For the study, Baschat and his team performed successful FETO balloon blockages on all 14 fetuses between 26 and 29 weeks of gestation. No procedure-related fetal or maternal complications occurred. The team removed the balloons at about 33 weeks of gestation, after a median 34 days of blockage.
The researchers say that FETO therapy produced favorable outcomes in the 14 infants born to the mothers in the study when performed in a single center setting, where prenatal and postnatal monitoring and care were highly coordinated.
This is most likely due to prenatal management by a team with experience in fetal interventions, as well as maternal-fetal care in one single institution. From the time of balloon insertion, we had a multidisciplinary team of fetal therapists, neonatologists, pediatric surgeons, pediatric ENTs and obstetric and pediatric anesthesiologists available for any emergency balloon removals and to make sure the fetuses’ airways weren’t obstructed in case of unplanned birth.
FETO has been studied in the past, in the United States and abroad, in a randomized trial, a large feasibility study and several smaller studies, and while the overall approach was comparable to our study, we employed a deliberate strategy to minimize potential contributors to preterm birth associated with premature rupture of membranes."
Some of these strategies included treating the mothers with vaginal progesterone, avoiding the lower part of the uterus when inserting the fetoscope and aggressive treatment of preterm contractions.

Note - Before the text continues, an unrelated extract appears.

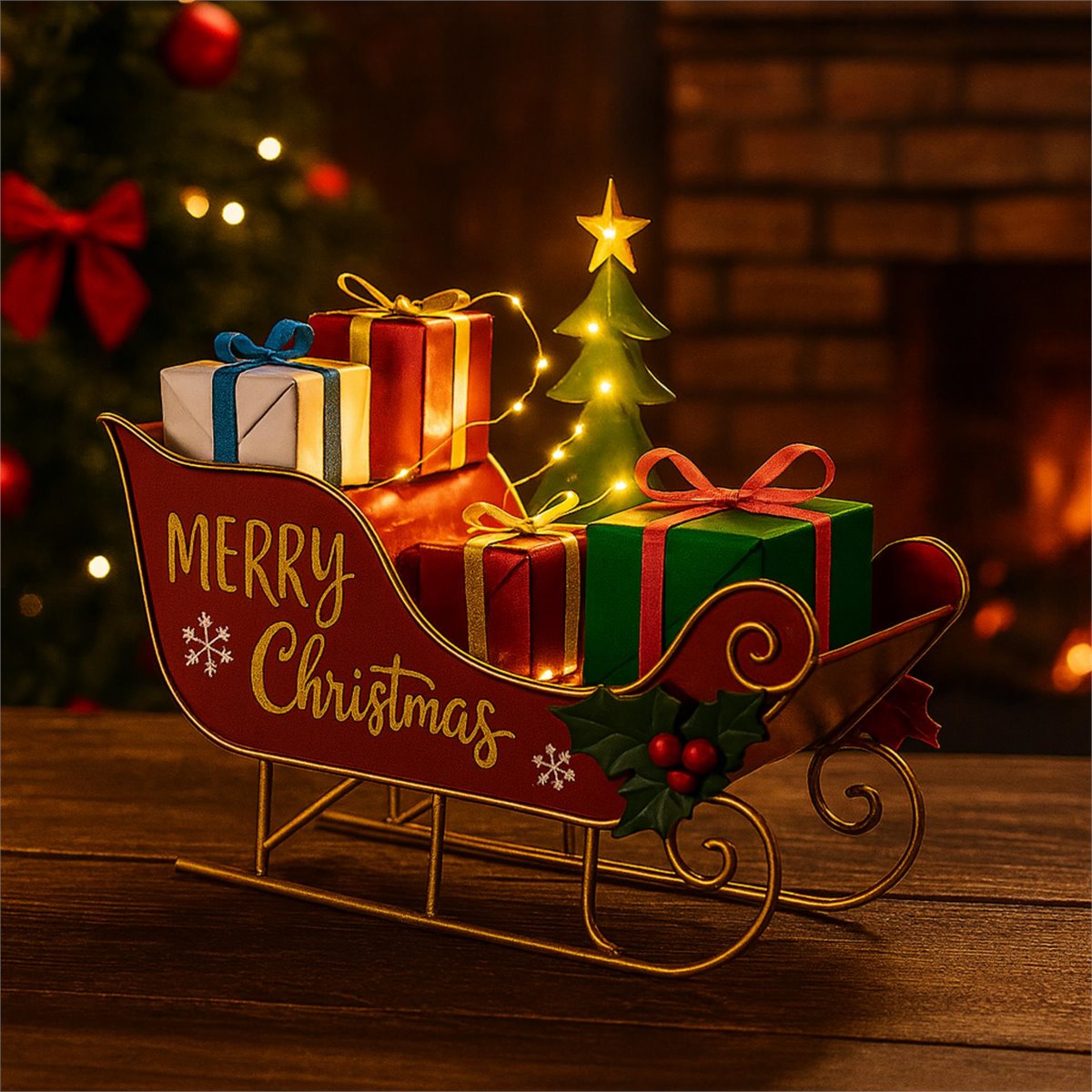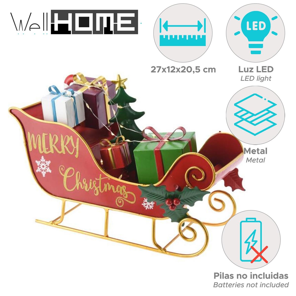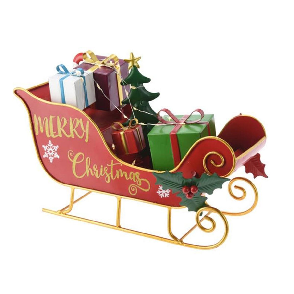 Decora tu hogar con la magia de la Navidad gracias a esta figura decorativa de trineo con regalos y con luces LED.

A striking difference in the Johns Hopkins study, Baschat notes, is that delivery of the babies was at an average of 37 weeks of gestation, with no deliveries prior to 32 weeks; 7% of deliveries before 34 weeks and 43% prior to 37 weeks of gestation. This allowed all the infants to be candidates for extracorporeal membrane oxygenation (ECMO) — an advanced life-support technique — which may have been an important contributor to the survival of the infants.
Overall, babies were born about 30 days after balloon removal. All cases experienced a sustained increase in lung size, from 23.2% before blockage to 46.6% prior to birth. All 14 women delivered at The Johns Hopkins Hospital at a median gestational age of 39 weeks (range 33-39). Eight (57%) delivered at term (≥37 weeks of gestation), after scheduled, induced labor. The majority of mothers (71%) delivered their baby vaginally.

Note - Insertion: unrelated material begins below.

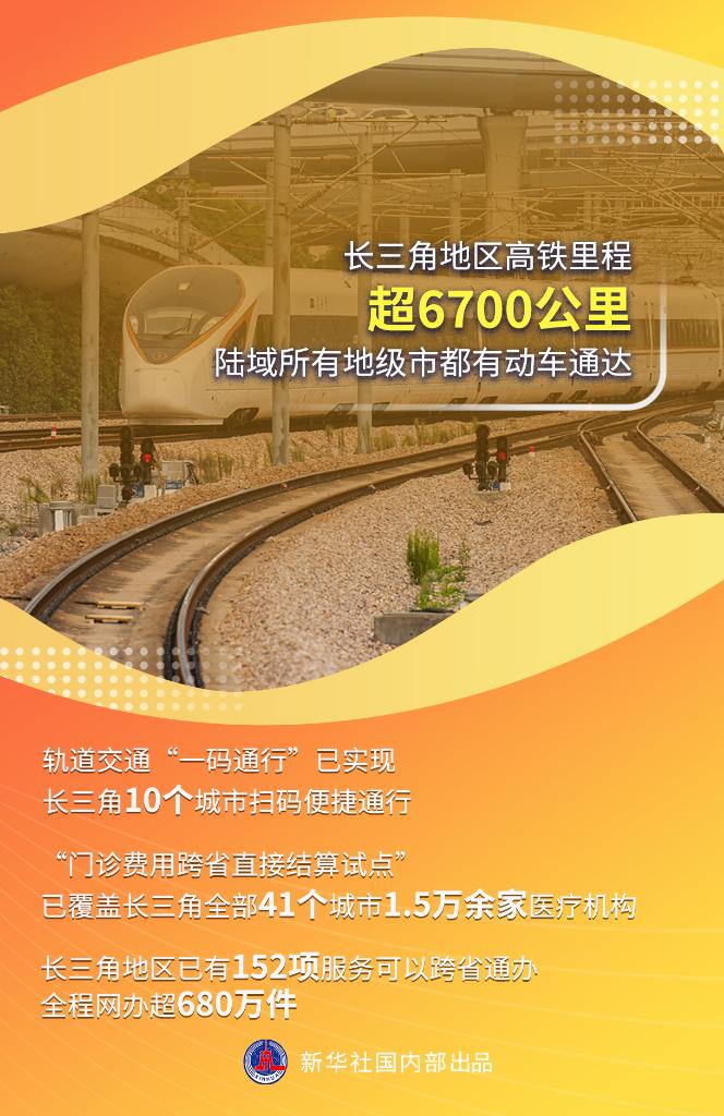 民生服務“一卡通”:軌道交通“一碼通行”已實現長三角10個城市掃碼便捷通行;“門診費用跨省直接結算試點”已覆蓋長三角全部41個城市1.5萬余家醫療機構。

“We’ve been able to achieve a really good safety protocol — not only did the procedure result in lung expansion, but balloon removals were all scheduled; they were not emergency procedures,” says Baschat.
Infant survival on day 28 was 93%, and the overall survival to 6 months or hospital discharge was 86%.
All of the babies had absence of the diaphragm on the side of the hernia and required surgical repair of the CDH using a patch, which was performed within the first week of life. The primary complication after surgery in three of the 14 babies (36%) was recurrence of diaphragmatic herniation, due to areas of the patch detaching from the chest wall as the infants grew in size.
“The study had the highest survival rate ever reported for these types of patients, with the lowest complication rate of FETO in terms of procedure risks, obstetric risks and fetal risks,” says Baschat.
Baschat, A., et al. (2020) Single-Center Outcome of Fetoscopic Tracheal Balloon Occlusion for Severe Congenital Diaphragmatic Hernia. Obstetrics & Gynecology. doi.org/10.1097/AOG.0000000000003692.